> **Problem description**:
From the first line to the last, restate the data exactly, leaving out the images.

> **Information**:

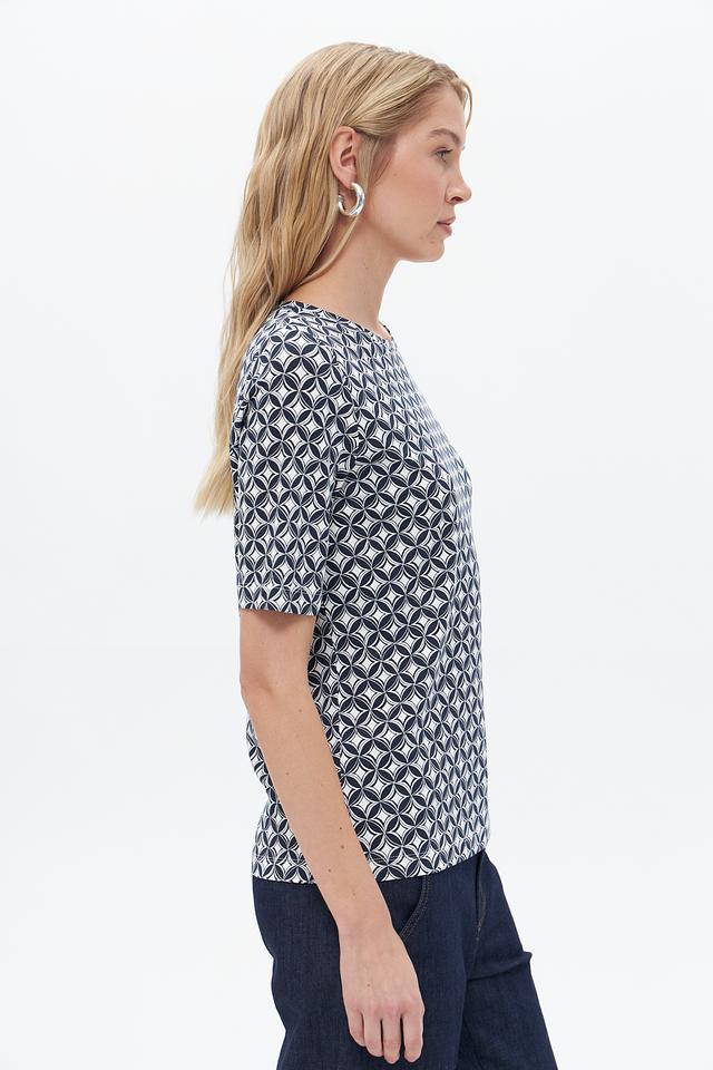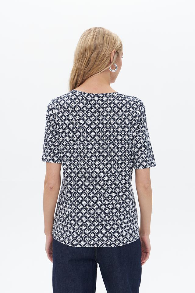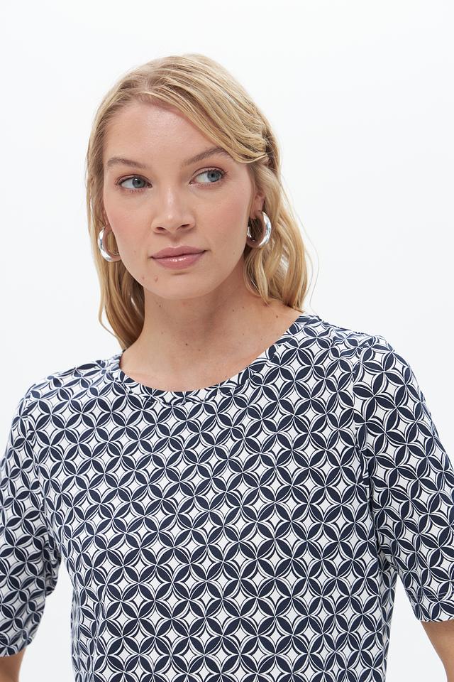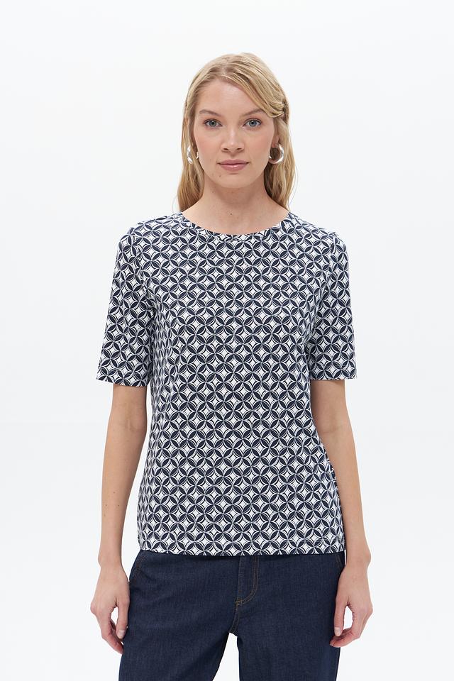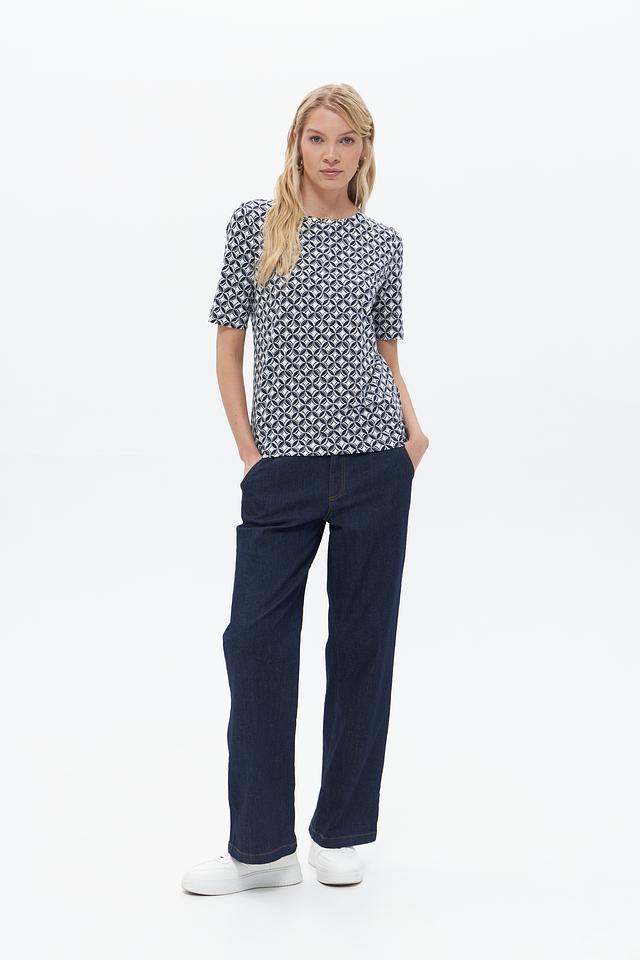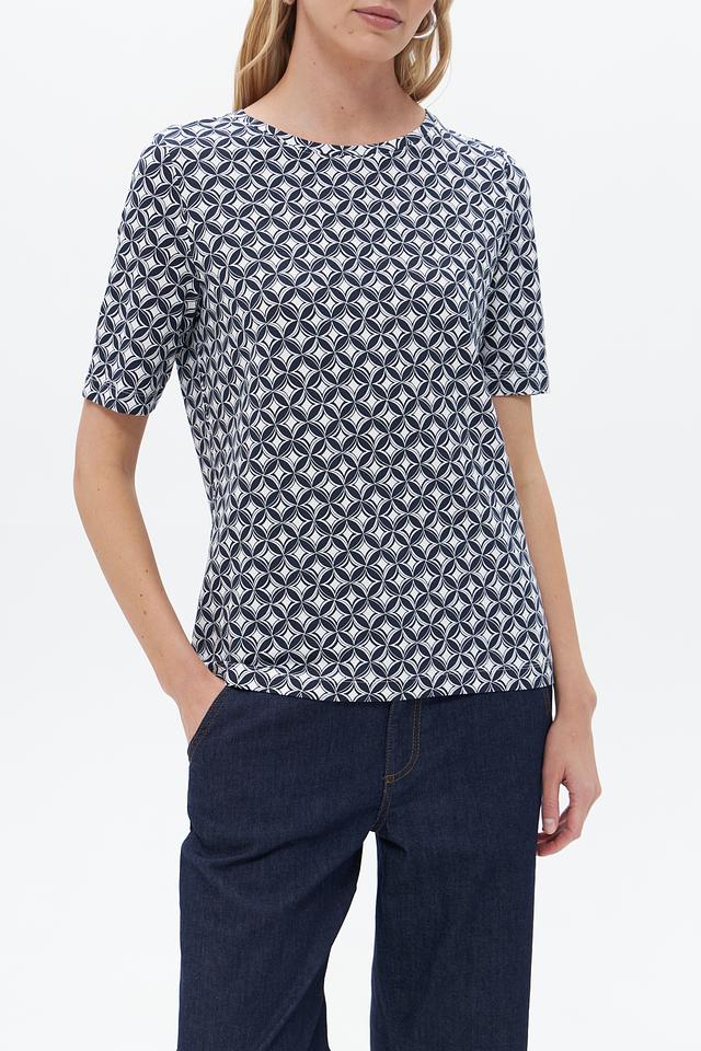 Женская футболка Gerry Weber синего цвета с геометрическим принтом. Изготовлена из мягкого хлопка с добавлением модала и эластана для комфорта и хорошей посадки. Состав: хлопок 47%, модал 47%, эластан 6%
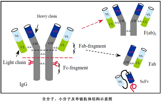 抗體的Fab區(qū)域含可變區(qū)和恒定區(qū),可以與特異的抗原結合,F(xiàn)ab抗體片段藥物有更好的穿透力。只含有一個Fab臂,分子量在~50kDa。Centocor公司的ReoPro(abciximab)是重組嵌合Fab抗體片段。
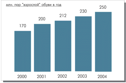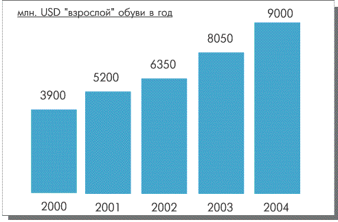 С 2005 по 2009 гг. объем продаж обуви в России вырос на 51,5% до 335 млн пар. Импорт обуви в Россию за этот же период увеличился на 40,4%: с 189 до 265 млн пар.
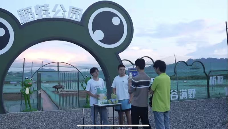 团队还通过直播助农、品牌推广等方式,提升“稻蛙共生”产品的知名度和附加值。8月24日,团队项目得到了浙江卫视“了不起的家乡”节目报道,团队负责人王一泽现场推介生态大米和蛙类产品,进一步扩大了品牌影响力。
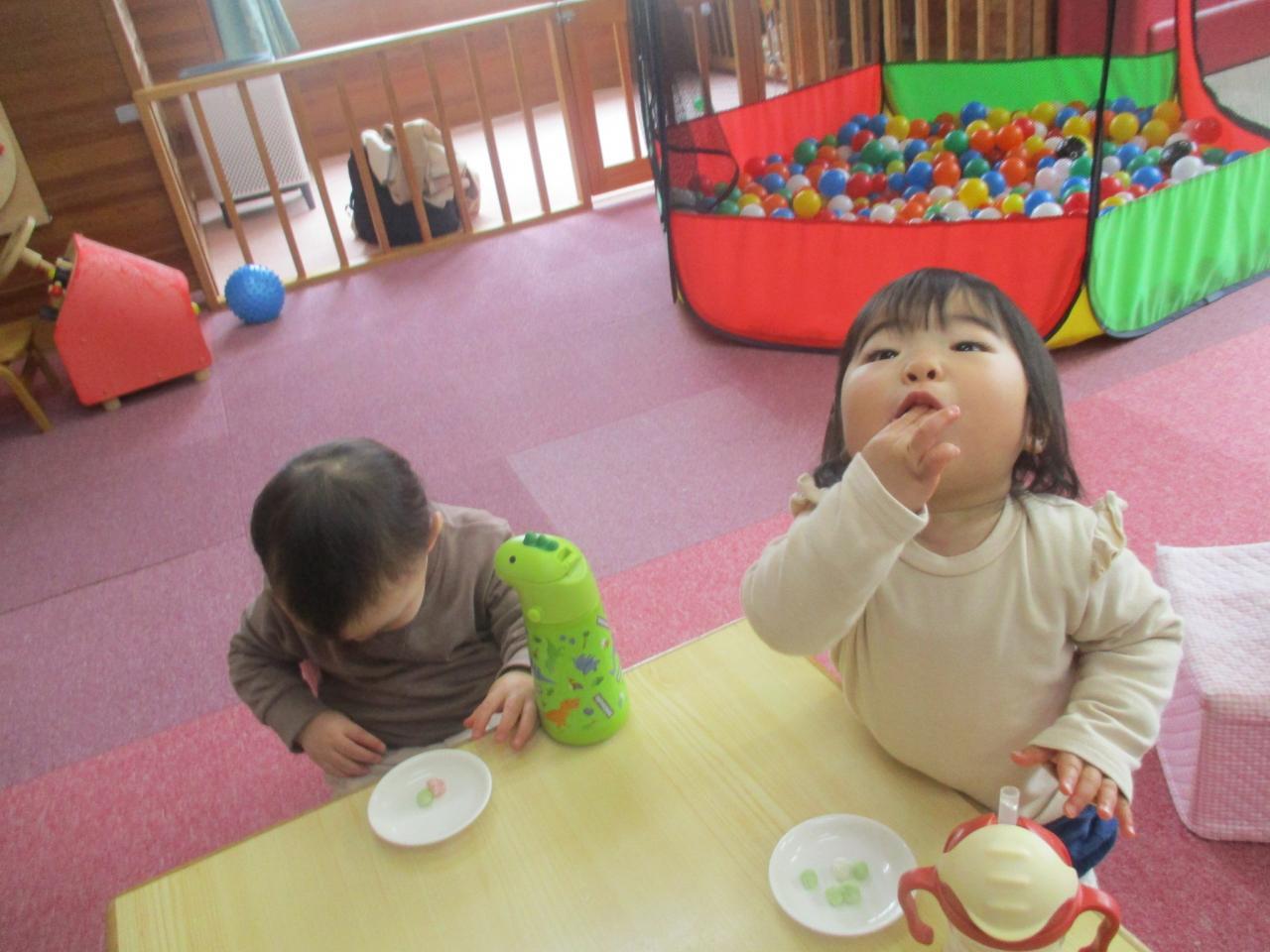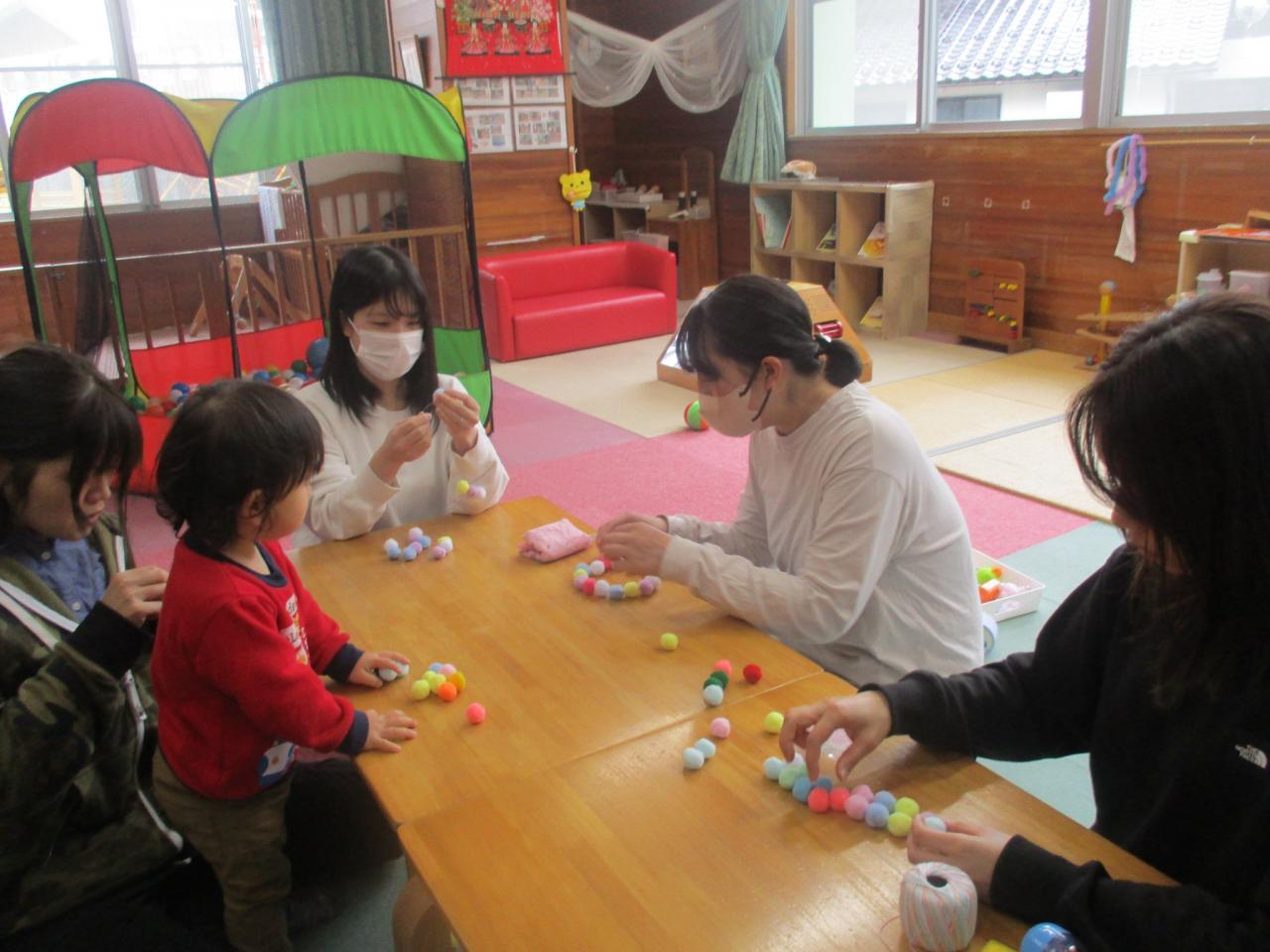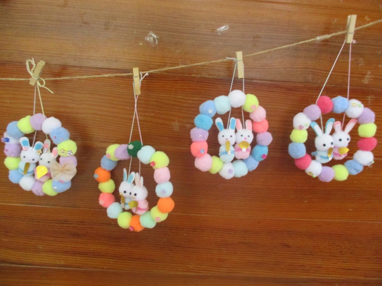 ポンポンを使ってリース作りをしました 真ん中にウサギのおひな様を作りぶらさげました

> **Answer area**:
 Женская футболка Gerry Weber синего цвета с геометрическим принтом. Изготовлена из мягкого хлопка с добавлением модала и эластана для комфорта и хорошей посадки. Состав: хлопок 47%, модал 47%, эластан 6%
 抗體的Fab區(qū)域含可變區(qū)和恒定區(qū),可以與特異的抗原結合,F(xiàn)ab抗體片段藥物有更好的穿透力。只含有一個Fab臂,分子量在~50kDa。Centocor公司的ReoPro(abciximab)是重組嵌合Fab抗體片段。
 С 2005 по 2009 гг. объем продаж обуви в России вырос на 51,5% до 335 млн пар. Импорт обуви в Россию за этот же период увеличился на 40,4%: с 189 до 265 млн пар.
 团队还通过直播助农、品牌推广等方式,提升“稻蛙共生”产品的知名度和附加值。8月24日,团队项目得到了浙江卫视“了不起的家乡”节目报道,团队负责人王一泽现场推介生态大米和蛙类产品,进一步扩大了品牌影响力。
 ポンポンを使ってリース作りをしました 真ん中にウサギのおひな様を作りぶらさげました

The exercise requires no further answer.